Due eroi per il trionfo della squadra di Abramovic
Roma, 20 mag. (TMNews) - Non ci erano riusciti allenatori del calibro di José Mourinho e Carlo Ancelotti, a regalare la Champions League a Roman Abramovic. Ce l'ha fatta invece il manager "di riserva" Roberto Di Matteo, l'ex centrocampista azzurro che da ieri è campione d'Europa con il Chelsea. Un'impresa che ha dell'incredibile, se si pensa ai modi in cui è maturata, e che ha visto la squadra londinese più volte a un passo dall'eliminazione. Sconfitti 3-1 dal Napoli, in svantaggio 2-0 a Barcellona e con un uomo in meno, sotto di un gol a 7 minuti dalla fine nella finale con il Bayern in uno stadio che aspettava solo di festeggiare la vittoria. E invece, dopo 15 corner per i bavaresi, al primo calcio d'angolo per i Blues è sbucata la testa di Didier Drogba, che ha inzuccato il pareggio. Lo stesso ivoriano, che a inizio stagione era stato messo in discussione e che molti davano per finito, oltre che responsabile dei malumori dello spogliatoio nei confronti di Villas-Boas, ha poi segnato il rigore decisivo, con un'esecuzione perfetta e imparabile.

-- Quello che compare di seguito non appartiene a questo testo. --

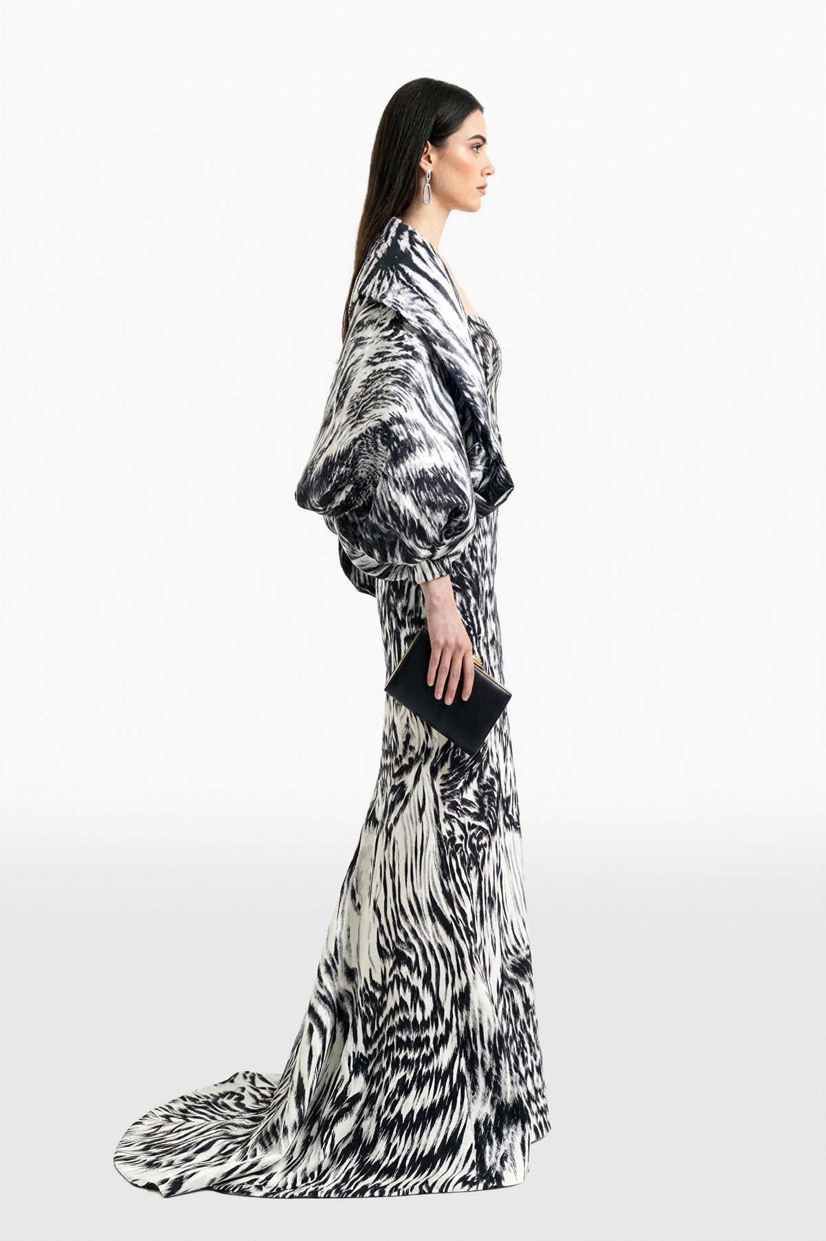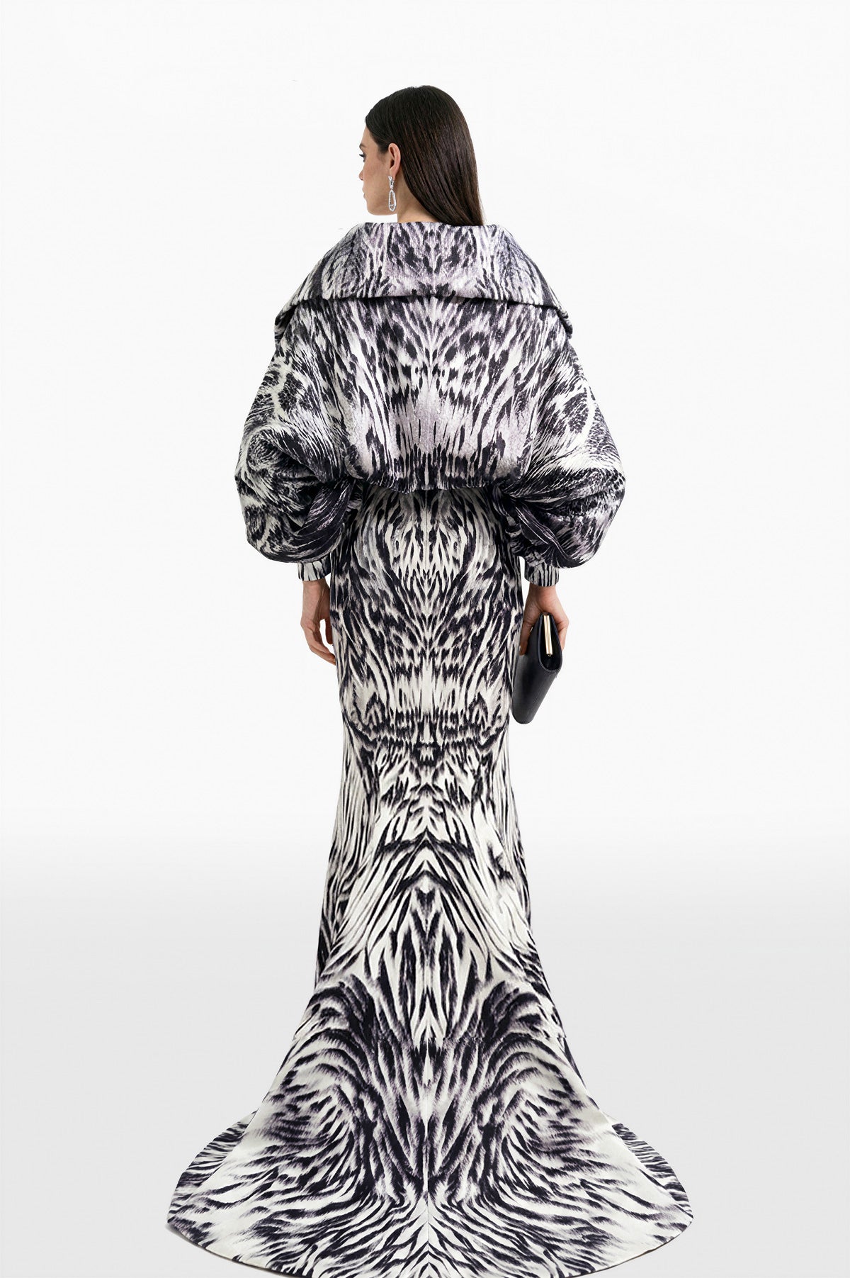 فستان ضيق من الكريب المطبوع باللون الأسود الفاحم والأبيض المائل للرمادي، مع خط رقبة على شكل قلب وخصرة محددة. محدد عند الوركين، ويمتد إلى حافة واسعة مع ذيل خفيف مع بوليرو ميكادو قصير باللون الأسود الفاحم والأبيض المائل للرمادي المطابق. الأكمام الواسعة المجمعة والكتفين المحددة تخلق تباينًا جريئًا وتضيف حجمًا.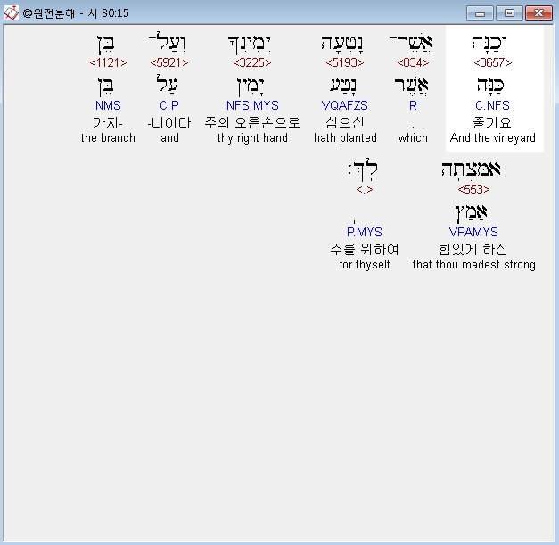 히브리어구약BHS,15 וְכַנָּה אֲשֶׁר־נָטְעָה יְמִינֶךָ וְעַל־בֵּן אִמַּצְתָּה לָּךְ׃

Due eroi in qualche modo casuali, quindi, dietro l'impresa del Chelsea, squadra meno forte delle altre tre semifinaliste, ma capace di sopperire con il cuore (e a volte con il catenaccio, molto italiano, vero mister Di Matteo?) e la tenacia. C'è stata anche la buona sorte: a Barcellona e a Monaco due fuoriclasse assoluti come Messi e Robben hanno fallito rigori (entrambi tra l'altro causati da falli di Drogba!) che avrebbero probabilmente potuto essere decisivi. Ma non si vince senza avere dalla propria parte anche la dea bendata. E oggi Di Matteo e Drogba rappresentano un sogno che è diventato possibile e che, unito al trionfo in FA Cup, rende la stagione del Chelsea, a lungo ritenuta fallimentare, probabilmente una delle più importanti, se non la più importante in assoluto, della storia del club londinese.